FAQs

Got a question about your landscaping? We are experts in just about every area. Look here for answers to our most frequently asked questions, or email us at a.jerke@jamesvalleylandscape.com

1. How much rock do I need?

You will need to do the following calculations:

Step 1: Measure the square footage of the landscape bed area (length x width)

Step 2: Determine your depth of rock (generally .2’ deep is used)

Step 3: Calculate as follows:  Square footage x .2 = cubic feet of rock

Step 4: Cubic feet/27= cubic yards needed

2. How much soil do I need?

You will need to do the following calculations:

Step 1: Determine the square footage of area (length x width)

Step 2: Determine the average depth of area to be covered in feet

Step 3: Calculate as follows: Square footage X depth in feet = cubic feet

Step 4: Cubic feet/27= cubic yards needed

Step 5: Cubic yards x 1.5 = cubic yards needed after compaction

3. What do I do if the leaves on my deciduous trees are starting to turn yellow?

If your tree is not overly wet or dry then the answer many times is lack of iron, especially in maples, birch and red oaks. If the tree is small and the deficiency has just started, there are topical soil treatments available in the James Valley Garden Center.

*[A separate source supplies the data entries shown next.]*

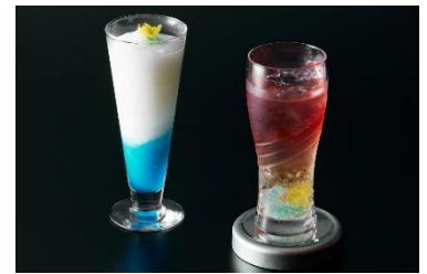
バー「2000」 <第1弾 11月13日～12月19日> 冬空／七星幽(しちせいゆう) ※画像左から 各 1,980円 ※サービス料別 (第2弾も実施予定)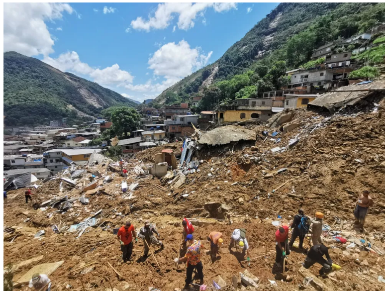
Registro do deslizamento no Morro da Oficina, em Petrópolis, Região Serrana do Rio de Janeiro, em fevereiro de 2022

alguma forma de participação que contribua para uma gestão de riscos mais eficiente e justa.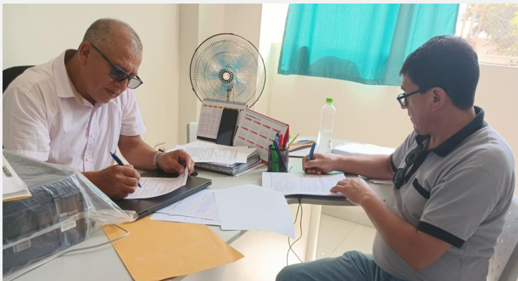
Asesoría del Especialista a la directora para la preparación del diálogo reflexivo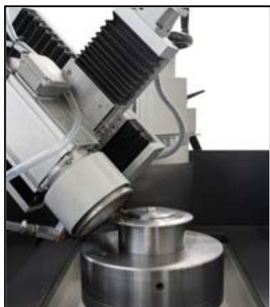
Affûtage du disque biseauté avec meule frontale (en option)

Afilado de disco biselado con muela frontal (opcional)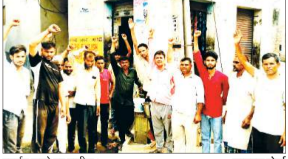
प्रदर्शन करते हुए ग्रामीण।

हसनपुर। ब्लाक क्षेत्र के गांव भदौरा में जल जीवन मिशन योजना के अंतर्गत जल आपूर्ति की जा रही थी। जिससे ग्रामवासियों और विशेष रूप से ऐसे गरीब लोगों को जिनके घरों में समर सेविल या विद्युत कनेक्शन नहीं है। पेय जल आपूर्ति का लाभ मिल रहा था। पहले ये लोग सरकारी नलों से पानी पीने का काम करते थे लेकिन अब सरकारी नलों की जरूरत न होने से वे ठप हो गए हैं। पिछले एक माह से जल आपूर्ति तकनीकी खराबी के कारण ठप पड़ी हुई है। जरूरत मंद गरीब लोगों को दूसरे लोगों के घरों से पानी मांगकर लाना पड़ रहा है। जिससे जंगल अंधे और आम आदमी

If the issue is advanced, an injection may be needed and is best done by one of our professionals.

4. What type of weed barrier should I use under my rock or mulch?

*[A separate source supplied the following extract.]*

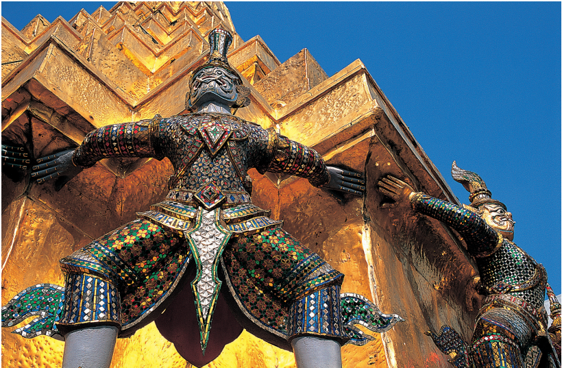
Khon-figures bewaken een stoepa in het Grote Paleis te Rattanakosin, het oude hart van Bangkok.

Het historische en culturele hart van Bangkok is Rattanakosin, de oude koninklijke stad die gelegen is in een bocht in de Chao Phraya en wordt doorsneden door vele kanalen ( khlongs ). Hier vindt u tal van architectonische en religieuze juweeltjes: het magnifieke Grote Paleis, de befaamde tempelcomplexen Wat Mahathat, Wat Suthat en Wat Phra Kaew, de beste universiteiten van de stad, het Nationaal Museum en de Nationale Galerie.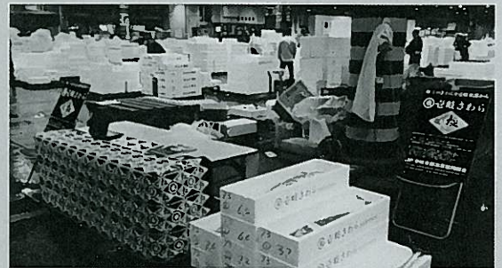
市場への売り込み

There are two basic types of weed barrier: Poly (use 6 ml black poly for best results) and Fabric (use 5 oz. woven fabric similar to Dewitt Pro 5).

The advantages of poly are cost, its ability to control growth in the short-term and easy installation. The disadvantages are that very little oxygen movement is allowed into the soil and thus into the plant roots. Also, over time the poly can tear and have holes causing weed growth, and chemicals cannot be used to control weeds without the risk of chemical run-off into surrounding plant materials.

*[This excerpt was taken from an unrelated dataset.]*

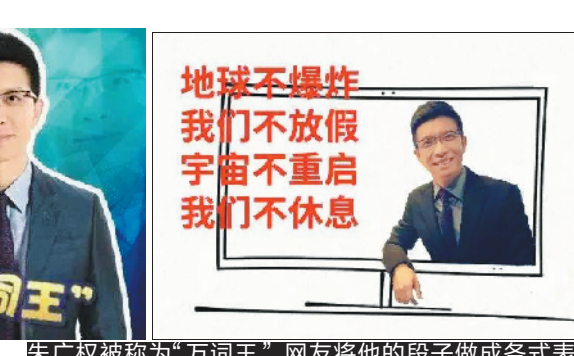
地球不爆炸,我们不放假;宇宙不重启,我们不休息

可以说,“央视F4”的出圈,是粉丝思维和社会化传播合力的结果。主持人向社交网络明星、大V转化,带来了极大的号召力。此外,他们之间的互动,也在社会化传播的作用下,巩固了受众粘性。例如,最近康辉和朱广权的互动,又狠狠刷了一波热度。11月中旬,朱广权在微博转发网友发布的一张神似康辉的松鼠图片,并评论道:“太过分了,怎么能放生呢?”当时,有网友呼吁身为“领导”的康辉现身反击,没想到,朱广权随后发了一条央视播音部的群聊记录,聊天中显示康辉看了图片说:“准备让朱广权值一个礼拜手语班。”

The advantages of fabric are that it lets oxygen and water through its surface, chemicals can be carefully used to control weeds, and it is more resistant to punctures and tears.

5. What can I prune and when?

 You can prune any plant when it is not in its growth stage. Try to not take more than a third of a plant in one year with the exception of plants that die to the ground in the winter. A few tips

*Do not prune evergreens past where it is currently green, generally it will not regrow.

*If you prune early spring flowering plants such as lilac, forsythia and magnolia in late fall or early spring you will cut the flower buds off. It is not damaging to the plant but you will miss the flower stage.

6. My tomatoes have end rot, what can I do?

This is caused by a calcium deficiency. If this has happened in the past, calcium can be added when planting as a soil amendment. During the season we have topical sprays available.

7. What plant should I plant?

Take note of light conditions, water conditions, size constraints, seasonal interest and other plants near the site and either bring in a picture and ask our staff or see our plant finder on the garden center page.

8. What height should I mow my lawn?

Generally mow short once early in the spring and the last mowing in the fall to clean up, after first mowing mow at a minimum of 3” to help with weed control and lawn health. Mulching mowers are recommended, but to be effective you must mow often, taking less than half of the plant blade.

9. My lawn needs to be dethatched, how should I do this?

Generally lawns in our area do not need to be dethatched, thatch is a very thick layer of decomposing matter. When you walk on the lawn it will feel as if you are walking on a sponge if thatch is the issue. Generally dethatching is used to clean up lawns in the spring. Using a spring rake and a bagger mower will clean up your lawn without causing the root damage of a power rake used for dethatching.